Engelke K A, Halliwill J R, Proctor D N, Dietz N M, Joyner M J
Department of Anesthesiology, Mayo Clinic and Foundation, Rochester, Minnesota 55905, USA.
J Appl Physiol (1985). 1996 Oct;81(4):1807-14. doi: 10.1152/jappl.1996.81.4.1807.
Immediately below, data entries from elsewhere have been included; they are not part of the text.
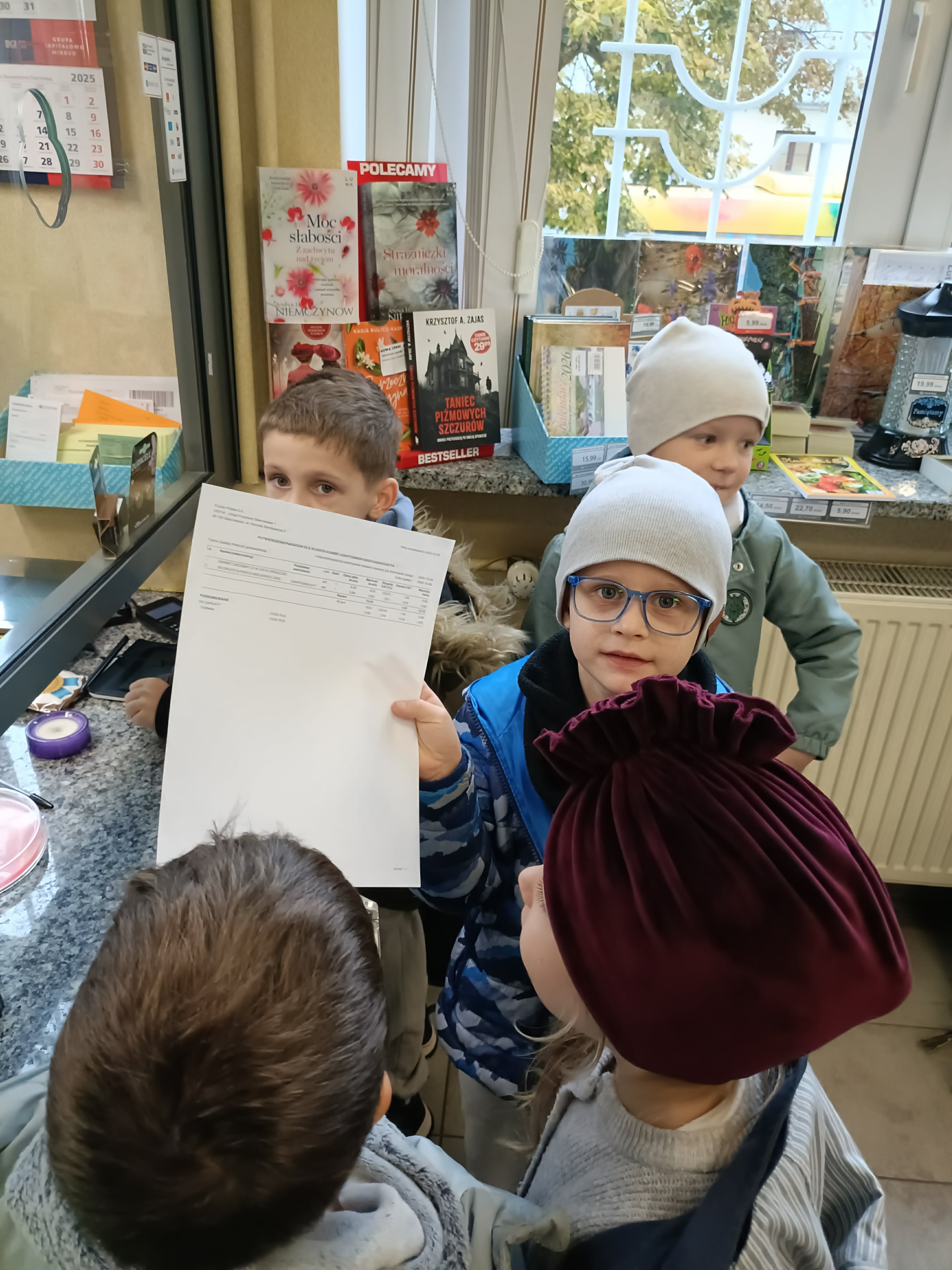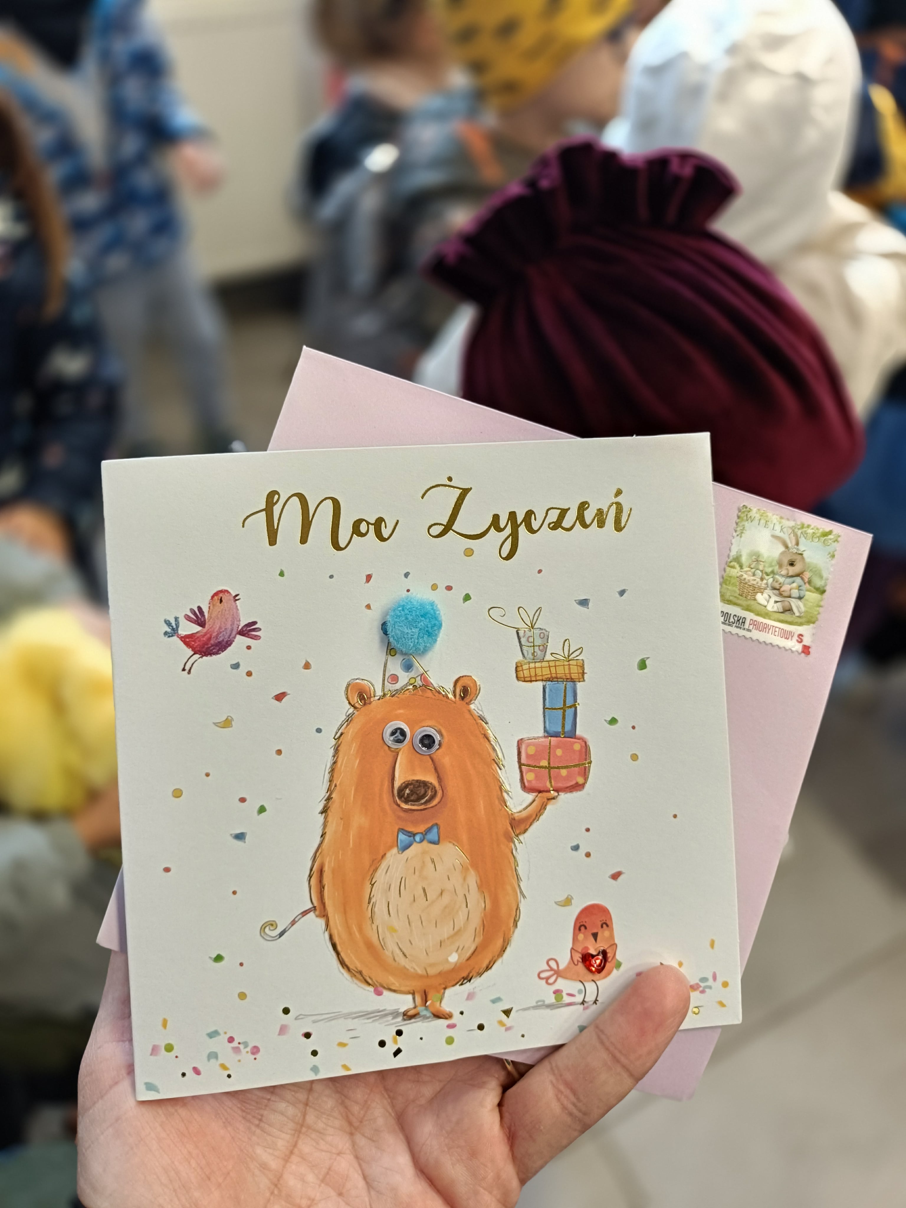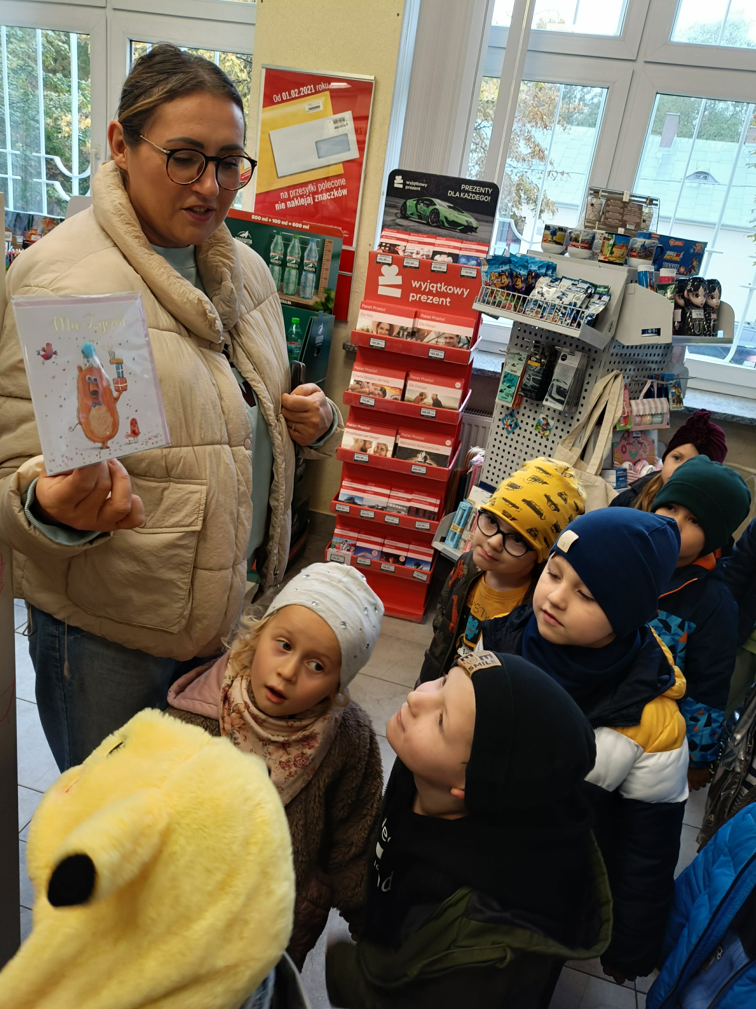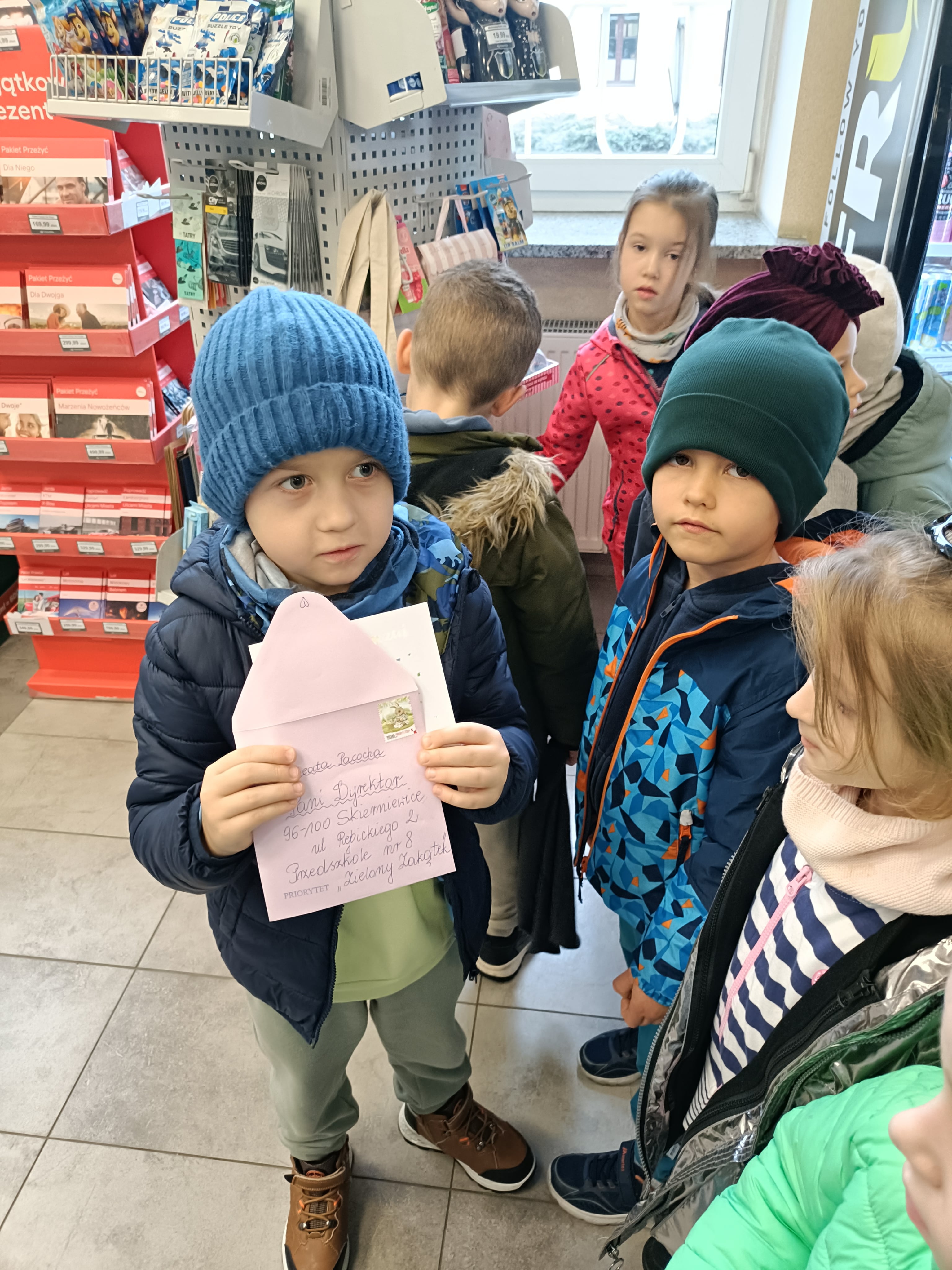Miśki wybrały się na krótką wycieczkę do Urzędu Pocztowego w Skierniewicach, aby poznać tajniki pracy listonoszy i pracowników poczty. Dowiedziały się, jak wygląda droga listu od nadawcy do adresata oraz jak ważną rolę pełni poczta w naszym codziennym życiu. Podczas wizyty dzieci samodzielnie zakupiły kartkę pocztową oraz znaczek, dokonały płatności i z dumą odebrały rachunek za swoje zakupy. Następnie z ogromną radością wysłały list. Wizyta na poczcie sprawiła Miśkom wiele radości i satysfakcji, a zdobyta wiedza z pewnością przyda się w przyszłości.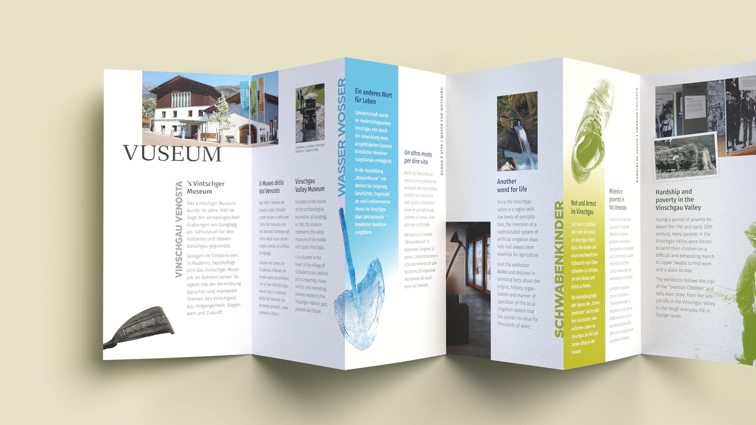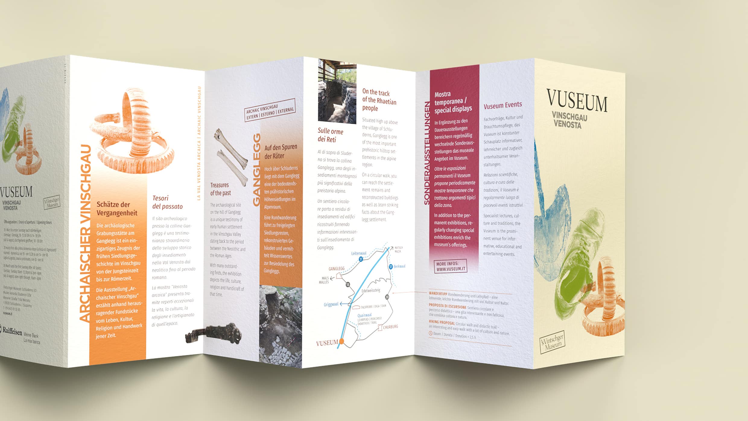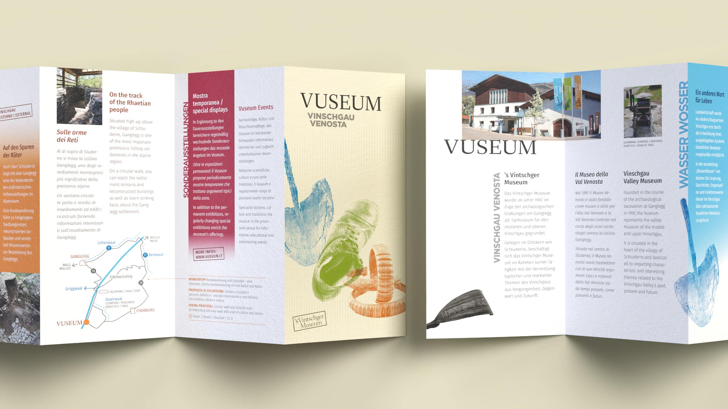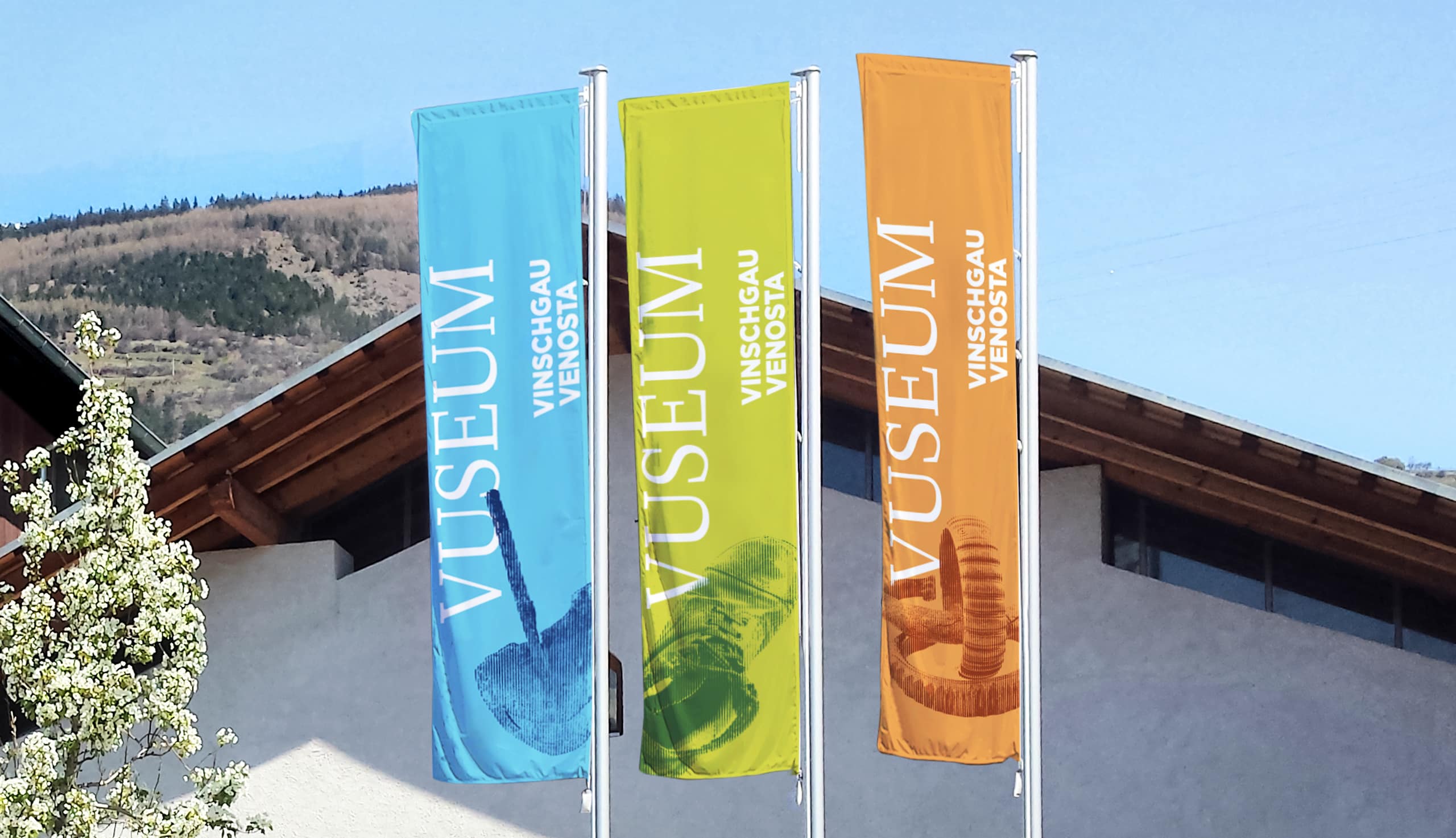 Understanding and experiencing the Venosta Valley. The Vinschgau Museum, established in 1997, is a valley museum for the middle and upper Vinschgau region that covers the past, present, and future of the area. We rebranded the museum by focusing on the Venosta Valley and incorporating it into the new name, VUSEUM, and visually representing its harsh climate with a colorful, rough aesthetic.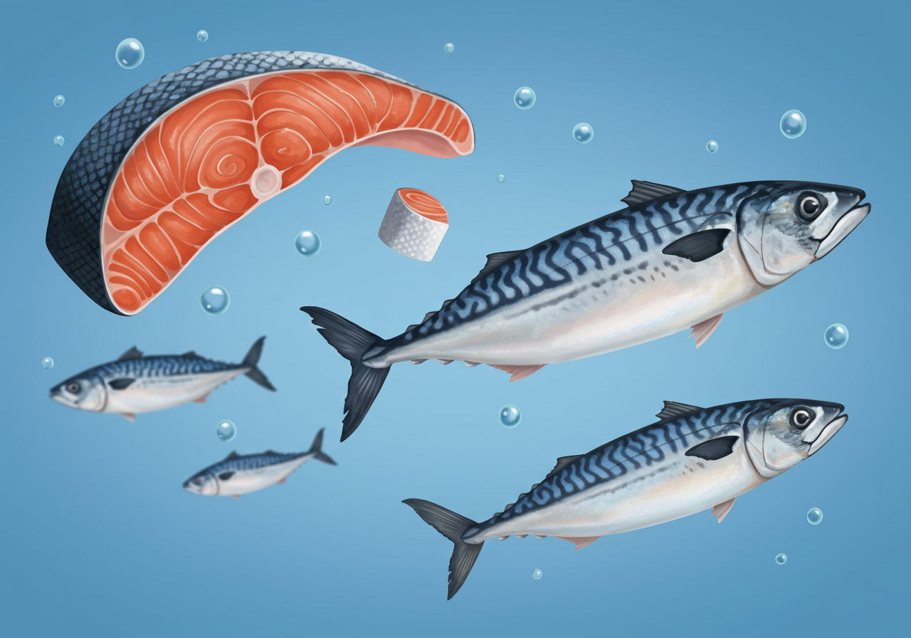 - EPA, DHA : 주로 생선류(고등어, 연어, 청어) 등에 풍부하며, 심혈관계 건강과 두뇌 기능에 중요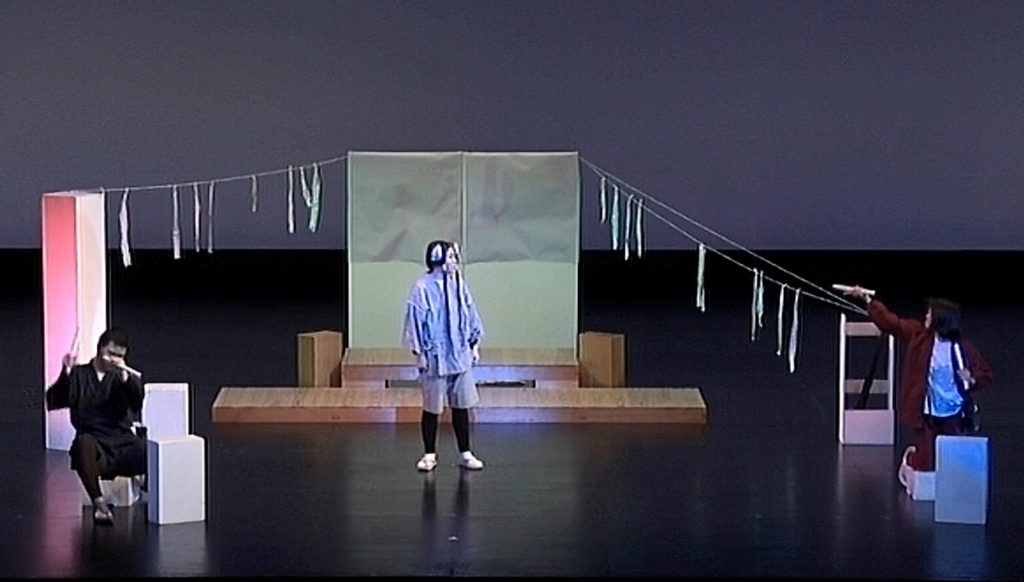 中部大会後の1か月という短い準備期間ではありましたが、脚本の良さだけでなく、衣装メイク、舞台装置、照明、音響、役作りも効果的で作品に合っていた、と講評を得ました。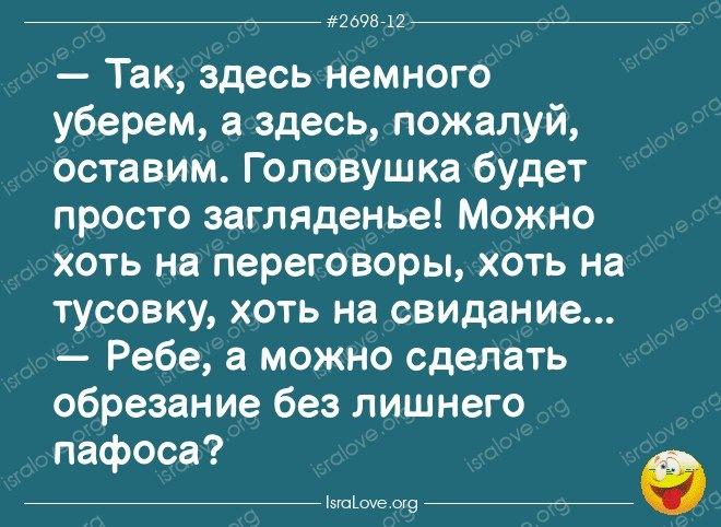 — Розочка, я таки напрасно поверила Коко Шанель, шо духами надо брызгать те места, какие хочешь, шобы мужчины целовали…. Ты бы только знала… как там мине жгло…!!!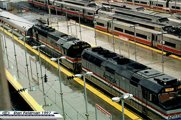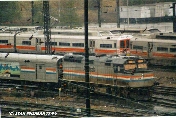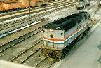 Click here to see a very dirty, Amtrak F-40-PH #275 (built by EMD in 1977), pulling into a rainy New Haven Conn. 12/96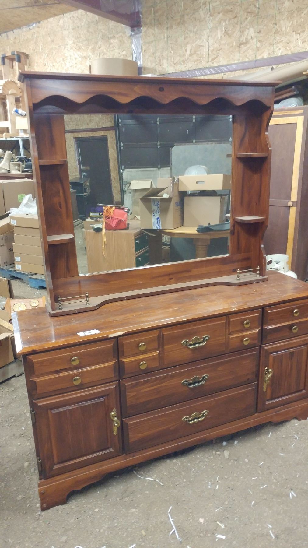 SIX COMPARTMENT DRESSER WITH MIRROR (71" X 60" X 17")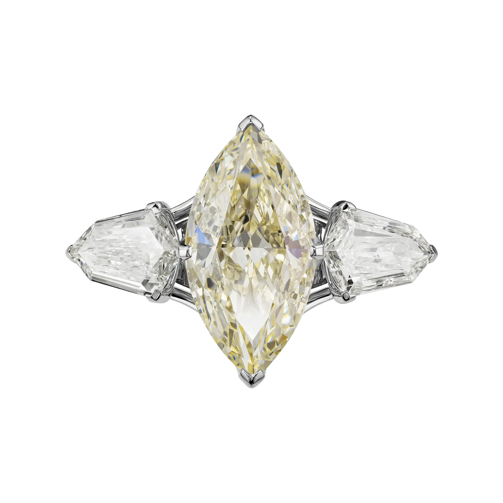 По обе стороны расположены драгоценные спутники – крупные бриллианты фантазийной огранки, чьё сверкание усиливает выразительность главного камня. Их кристальная чистота рождает игру света, подобную движению звёзд в небесной бездне.

We investigated the separate and combined contributions of nitric oxide (NO) and vasodilating prostaglandins as mediators of reactive hyperemia in the human forearm. Forearm blood flow (FBF) was measured with venous occlusion plethysmography after 5 min of ischemia. In one protocol (n = 12), measurements were made before and after intra-arterial administration of the NO synthase inhibitor NG-monomethyl-L-arginine (L-NMMA) to one forearm. In a separate protocol (n = 7), measurements were made before and after systemic administration of the cyclooxygenase inhibitor ibuprofen and again after L-NMMA. L-NMMA reduced baseline FBF at rest (2.7 +/- 0.4 to 1.6 +/- 0.2 ml.100 ml-1.min-1; P < 0.05) and had a modest effect on peak forearm vascular conductance and flow (forearm vascular conductance = 31.1 +/- 3.1 vs. 25.7 +/- 2.5 ml.min-1.100 ml forearm-1.100 mmHg of perfusion pressure-1.min-1, P < 0.05; FBF = 26.6 +/- 2.9 vs. 22.8 +/- 2.6 ml.100 ml-1.min-1, P = 0.055). Total excess flow above baseline during reactive hyperemia was unaffected by L-NMMA (14.3 +/- 3.0 vs. 13.1 +/- 2.4 ml/100 ml; P < 0.05). Ibuprofen did not change FBF at rest, reduced peak FBF from 27.6 +/- 1.9 to 20.3 +/- 2.7 ml.100 ml-1.min-1 (P < 0.05), but had no effect on total excess flow above baseline, Infusion of L-NMMA after ibuprofen reduced FBF at rest by 40%, had no effect on peak flow, but reduced total excess flow above baseline from 12.0 +/- 2.5 to 7.6 +/- 1.3 ml/100 ml (P < 0.05). These date demonstrate that NO synthase inhibition has a modest effect on peak vasodilation during reactive hyperemia but plays a minimal role later. Prostaglandins appear to be important determinants of peak flow. The effects of NO synthase inhibition during reactive hyperemia may also be potentiated by concurrent cyclooxygenase inhibition.
我们研究了一氧化氮(NO)和血管舒张性前列腺素作为人体前臂反应性充血介质的单独及联合作用。在缺血5分钟后,用静脉阻塞体积描记法测量前臂血流量(FBF)。在一个方案中(n = 12),对一侧前臂在动脉内注射NO合酶抑制剂NG-单甲基-L-精氨酸(L-NMMA)前后进行测量。在另一个单独的方案中(n = 7),在全身给予环氧化酶抑制剂布洛芬前后以及再次给予L-NMMA后进行测量。L-NMMA降低了静息时的基线FBF(从2.7±0.4降至1.6±0.2 ml·100 ml⁻¹·min⁻¹;P < 0.05),并对峰值前臂血管传导率和血流量有适度影响(前臂血管传导率 = 31.1±3.1对25.7±2.5 ml·min⁻¹·100 ml前臂⁻¹·100 mmHg灌注压⁻¹·min⁻¹,P < 0.05;FBF = 26.6±2.9对22.8±2.6 ml·100 ml⁻¹·min⁻¹,P = 0.055)。反应性充血期间高于基线的总过量血流量不受L-NMMA影响(14.3±3.0对13.1±2.4 ml/100 ml;P < 0.05)。布洛芬未改变静息时的FBF,将峰值FBF从27.6±1.9降至20.3±2.7 ml·100 ml⁻¹·min⁻¹(P < 0.05),但对高于基线的总过量血流量无影响。布洛芬后输注L-NMMA使静息时的FBF降低40%,对峰值血流量无影响,但将高于基线的总过量血流量从12.0±2.5降至7.6±1.3 ml/100 ml(P < 0.05)。这些数据表明,抑制NO合酶对反应性充血期间的峰值血管舒张有适度影响,但在后期作用极小。前列腺素似乎是峰值血流量的重要决定因素。反应性充血期间抑制NO合酶的作用也可能因同时抑制环氧化酶而增强。